- Born: 1919 London, England
- Died: 1988 (aged 68–69)
- Education: Regent Street Polytechnic
- Known for: Painting
- Spouse: Marston Fleming

= Eden Box =

English painter (1919–1988)

Eden Box (1919 – 1988) or E.Box or Edna Box, was a British artist who painted religious scenes often in a highly stylised, naive manner.

==Biography==
Box was born in London and studied at the Regent Street Polytechnic in central London between 1936 and 1939. She had a close friendship with the British writer and traveller, Lesley Blanch. After graduation she married professor Marston Fleming, a senior research fellow at Imperial College, London, and accompanied him on his overseas research trips. These trips to North America, Asia, Africa and Russia provided Box with subjects for her paintings. She painted richly coloured animals and figures in a highly stylised manner and often with a Christian theme. The Expulsion (1951), now in the Tate, shows animals in the Garden of Eden with two small human figures under a flaming sword flanked by angels. Box also used literature as a source and referenced works by Alexander Pushkin, William Morris, Andrew Marvell and William Blake in her paintings. Box's style was described as "strange" and her artwork as "unique" in The China Mail (1958).

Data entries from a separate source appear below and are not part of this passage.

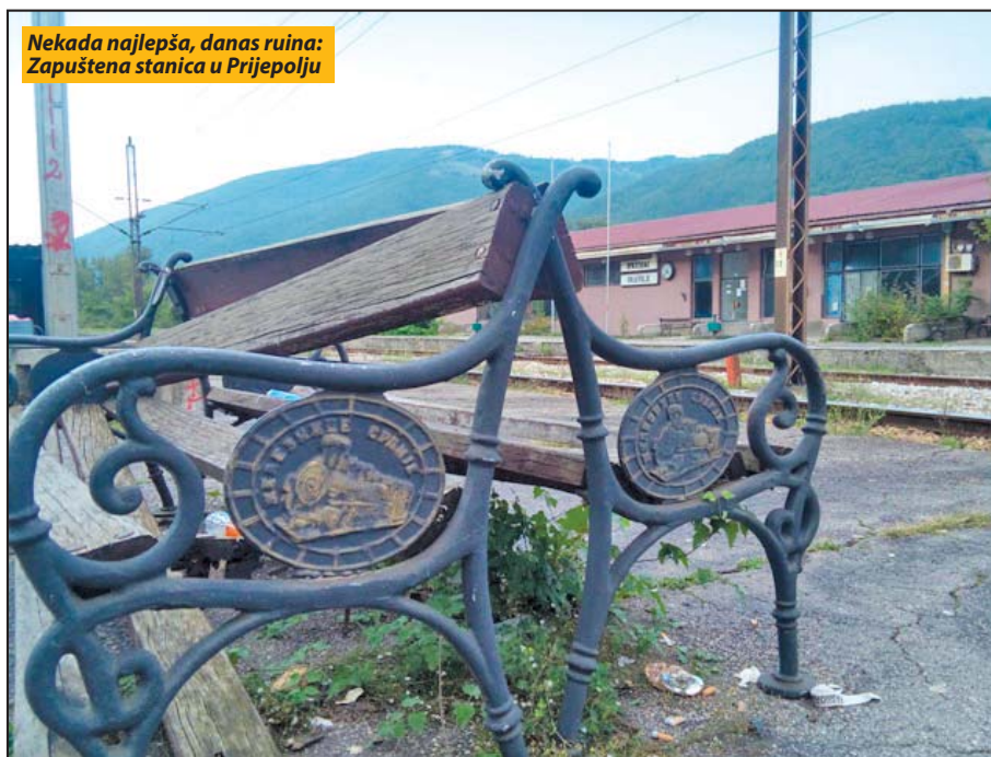
Nekada najlepša, danas ruina: Zapuštena stanica u Prijepolju

Ideja o izgradnji pruge koja će Beograd povezati sa morem nastala je još osamdesetih godina 19. veka. Bila je to varijanta koju je zagovarala moćna Austrougarska kako bi Srbiju, preko Višegrada povezala sa lukom u Gružu. Bilo još ideja. Na Međunarodnoj konferenciji u Parizu 1909. godine zaključeno je da bi London preko Pariza, Rima, Barija, Niša, Bukurešta i Kijeva mogao da bude povezan sa Moskvom. Nastaje potom mnogi elaborati i doktorati na temu trasiranja pruge. Ipak, 1940. godine ozvaničena je trasa od Beograda do Tivta, dužine 550 kilometara. Onda rat. I nestade sna o pruzi. Posle Drugog svetskog rata, 20. jula 1951. godine, Privredni sa-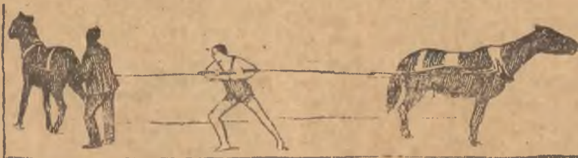
ATLETA TURECKI NIEZWYKLEJ SILY.

W jednym z cyrkow wędrownych w Persji opisuje sie atleta turecki niezwyklej sily. Jak rycina powyjsza przedstawia, utrzymuje on rękami dwa konie.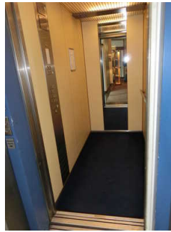
Aufzug zum öffentlichen WC für Menschen mit Behinderung

Ein abgehender Notruf im Aufzug wird akustisch bestätigt, z.B. durch eine Gegensprechanlage.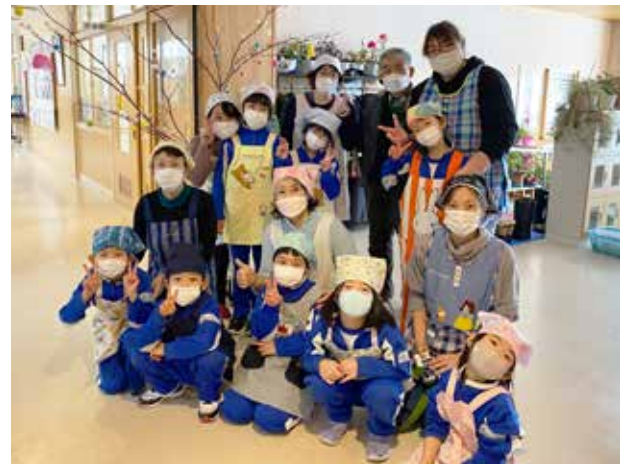
団子作りで団らんの時間(南郷小学校)

大雪に見舞われる中で始まった3学期も、1週間が経過しました。初めてのスキー教室も予定されている中、33人の1年生は、毎日を元気いっぱい過ごしています。今日は、友だちと仲良く雪遊び。児童のキラキラ輝く笑顔のおかげで、灰色の空も明るくなる気配。楽しい思い出がたくさんできました。元気な1年生を温かく見守ってください。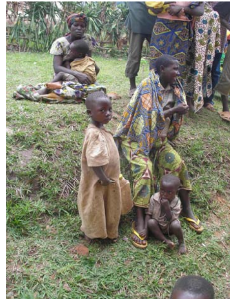
Έξω από το ιατρείο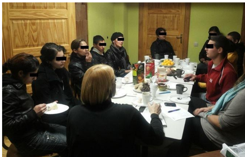
Foto: fokusgrupas ar vecākiem norise

Tālākajā fokusgrupas diskusijas gaitā romu pusaudžu vecākiem tika lasīts tas pats stāsts, kas aprakstīts 3.3.nodaļā. Jāatzīst, ka vecāki pauda par stāstu līdzīgus viedokļus kā pusaudži. Proti, vecāki atzīst, ka narkotikas stāsta varone visticamāk uzsākusi 14-16 gadu vecumā. Tāpat tiek atkārtoti atzīts, ka sievietē atkarības vielu lietotāja romu populācijā ir daudz nepieņemamāks fenomens kā vīrietis vielu lietotājs.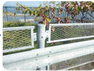
損傷した転落防止柵を補修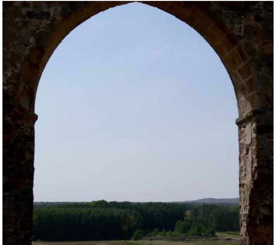
Vista del valle del Éria, desde la fortaleza hispanoárabe de Castrocalbón.

Los sectores alternativos y complementarios a la agricultura -servicios e industria- son las actividades más necesarias y dinámicas para incentivar el crecimiento de la economía y propiciar la materialización de iniciativas de acompañamiento (mejoras medioambientales, agroindustria, artesanía y actividades turísticas), que permitan mantener unos niveles de producción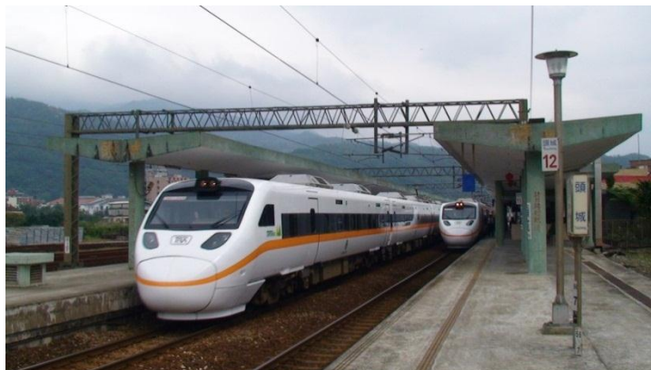
ภาพที่ 15 รถไฟ TRA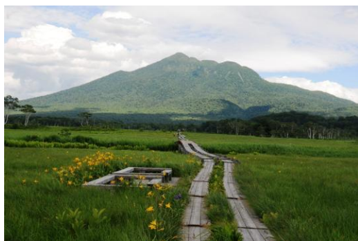
尾瀬ヶ原のニッコウキスゲ

鳩待峠 10:10—11:01 山の鼻(昼食) 11:55—12:35 牛首分岐 12:50—13:30 竜宮小屋—13:50 見晴(弥四郎小屋泊)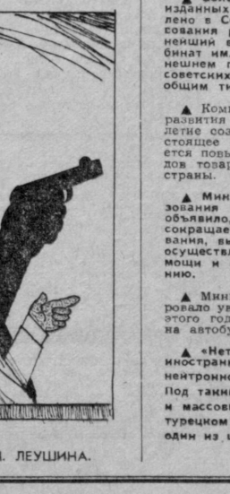
Тень марionетки.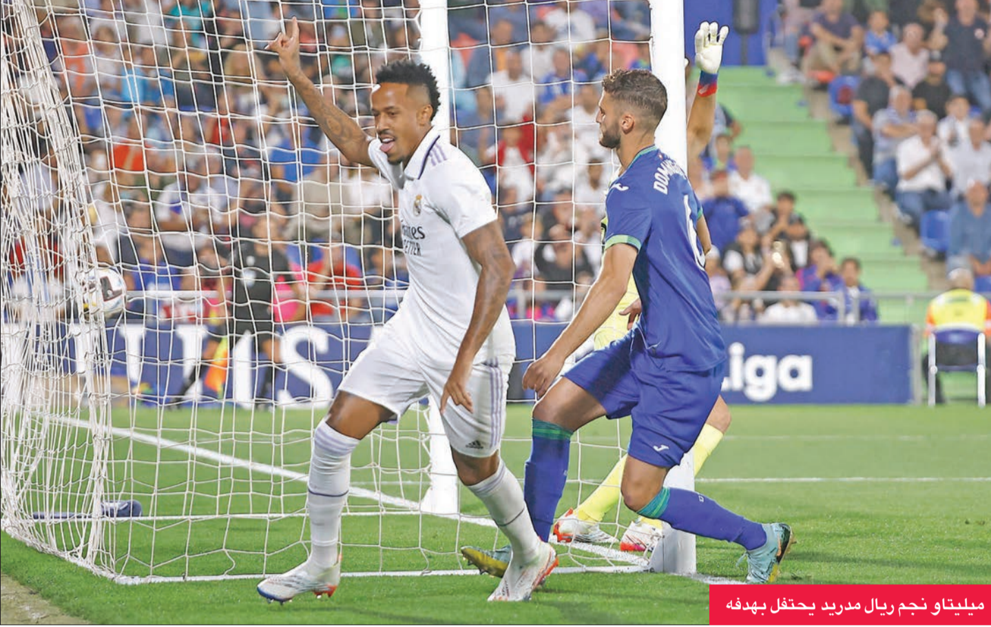
ميليتا و نجم ريال مدريد يحتفل بهدفه

حقق ريال مدريد فوزاً صعباً 1-0 على أرضه مع أوساسونا، في المرحلة السابعة، مشرعاً الباب أمام غريمه الكتالوني لاعتلاء الصدارة نهاية الأسبوع الماضي، للمرة الأولى منذ قرابة العامين، إثر فوزه على ريال مايوركا. و غاب عن صفوف فريق المدرب الإيطالي كارلو أنشيلوتي المهاجم الفرنسي كريم بنزيمة بسبب «مشكلة عضلية»، علماً أنه أهدر ركلة جزاء حاسمة ضد أوساسونا مع عودته إلى المنافسات بعد غيابه قرابة الشهر بسبب الإصابة. وشارك أيضاً في الفوز على شاخار دانييتسك 1-2 منتصف الأسبوع في دوري أبطال أوروبا، إلا أنه لم يتحضر مع الفريق الجمعة بعد انتكاسة جديدة.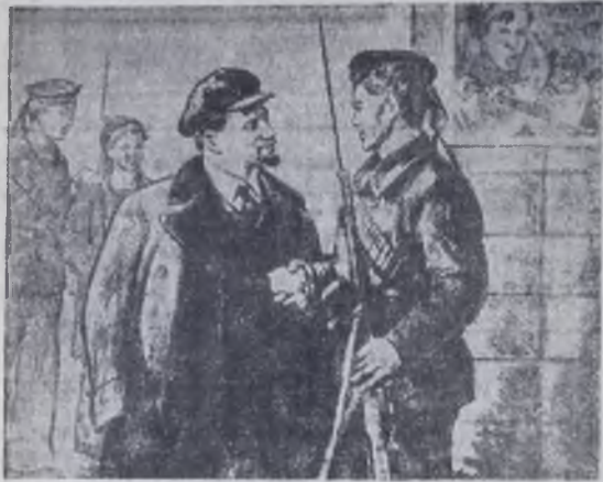
«Великое наследство Ленина, в том числе и в области военной организации, стратегий и тактики. Ленин был величайшим полководцем в истории войн трудящихся масс за свое освобождение от угнетателей, он положил начало советской регулярной армии, основанной на принципах современной науки и техники.»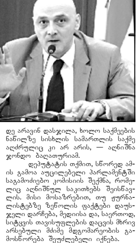
დე არაინ დასჯილი, ხოლო საქმეების ნაწილზე...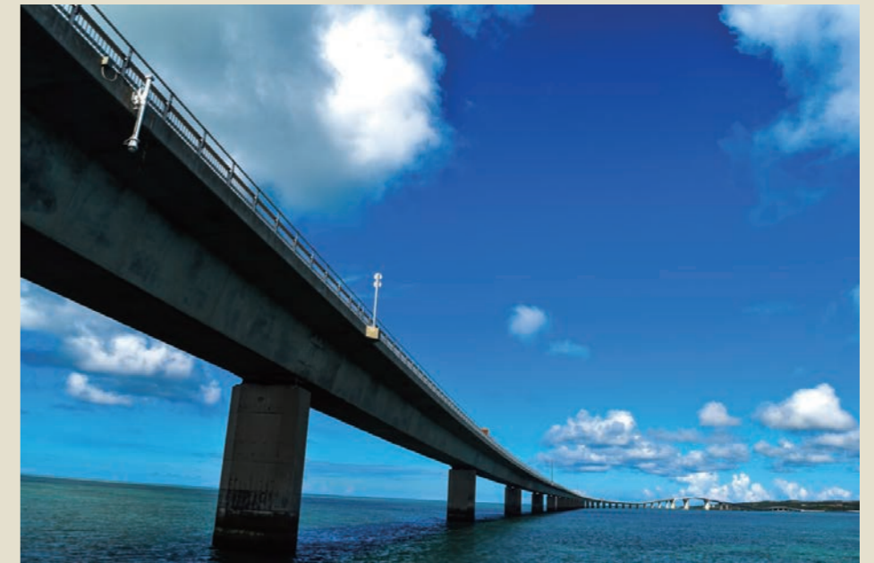
「空と海と栗間大橋」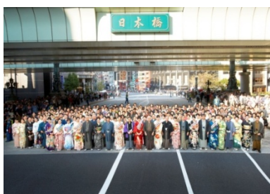
きもの大集合写真 (2012年開催時の様子)

期間中に着物を着て両百貨店のスタンプを集めると、各店先着 500 名様に、「TOKYO KIMONO WEEK 2013」オリジナルの限定手ぬぐいをプレゼントいたします。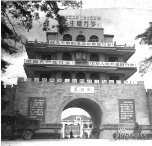
Hữu Nghị Quan năm 1965. Biểu ngữ của TC và hình Mao Trạch Đông phoi vào phần lãnh thổ VN

- Ngày 25.08.1978, khoảng trên 200 quân Việt Nam dùng vũ lực bắt buộc Hoa kiều phải hồi hương đi vào khu vực Hữu Nghị Quan. Lúc 17g30 cùng ngày, ngay trước cổng Hữu Nghị Quan, quân Việt Nam đánh chết 6 người, 82 người bị thương, 15 người chạy thoát. Công tác viên phía Trung Cộng lên tiếng cảnh cáo và xung đột đã xảy ra giữa hai bên cán bộ Trung-Việt. Ba ngày sau, quân Việt Nam tiếp tục tràn lên vùng biên giới tìm kiếm những Hoa kiều đang bỏ trốn... Chiến tranh biên giới Trung-Việt bắt đầu từ đây, cuộc chiến mà Trung Cộng lấy cớ "tự hào" là "Tự Vệ Phản Kích". Ái Nam Quan thêm một lần nữa chứng kiến xung đột Trung-Việt. Nhưng từ sau cuộc chiến này, Trung Cộng đã đẩy lui lãnh thổ Việt Nam ra khỏi Ái Nam Quan và bỗng xuất hiện cột mốc có tên gọi "Km0" thần thoại, nằm cách xa cổng Nam Quan hàng trăm thước.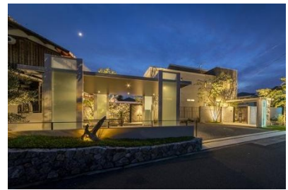
パーチェフル/GRAZIE MILLE 様 (滋賀県) 『リゾートを感じる光の演出』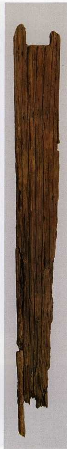
5 第 477 图 47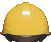
COLOR 帽体 黄 バイザー スモーク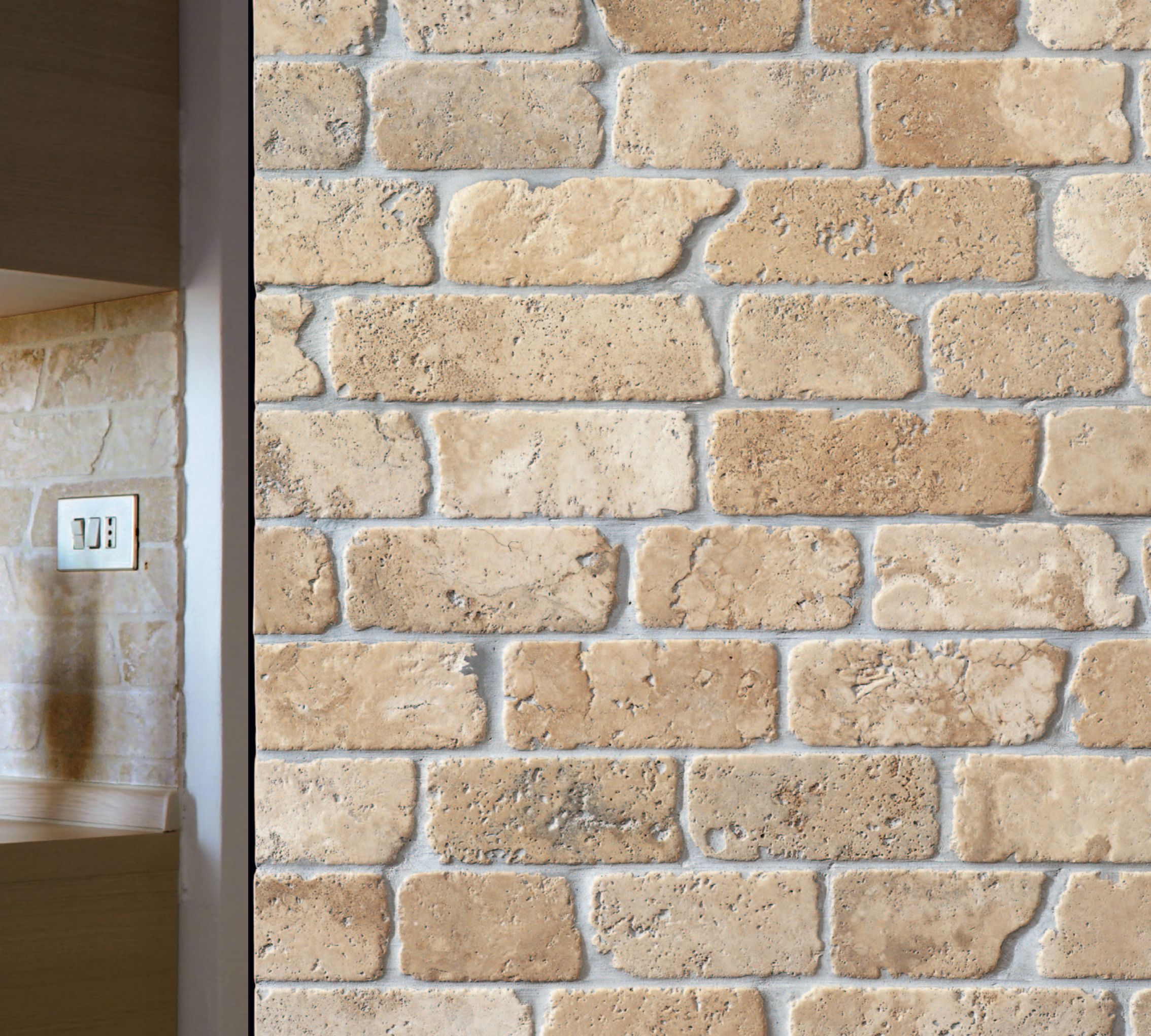
TRAVERTINO CHIARO | FILARE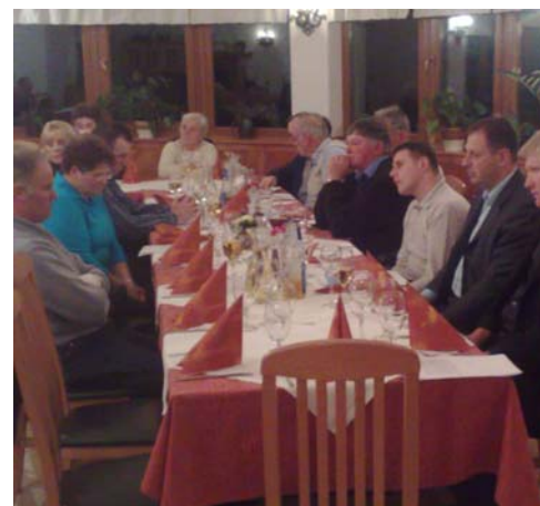
Uradni del so člani in simpatizerji OO SLS Kamnik prijetnim pogovorom.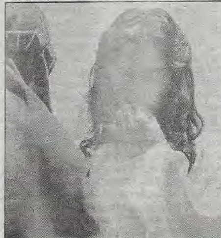
De frente, en Viernes Santo.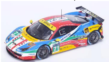
LSLM025 Ferrari 458 Italia # 71 24h Le Mans 2015 LM GTE Pro Rigon / Calado / Beretta € 99,95

In 1964, Box took part in the exhibition The World of the Innocents held at the Musée National d'Art Moderne in Paris. A 1981 retrospective exhibition of her work at the David Carritt gallery had a catalogue featuring an introduction written by Howard Hodgkin, who was a great admirer of her work. Other retrospectives were held in 1956 and 1979 at galleries in King's Lynn. Roy Strong also championed her work in a 1978 article for Vogue. Box's first solo exhibition was held in 1949 at the Hanover Gallery in London and in all she had fifteen solo exhibitions, including one in Rome and two in New York at the Betty Parsons Gallery in 1953 and 1958, during her career.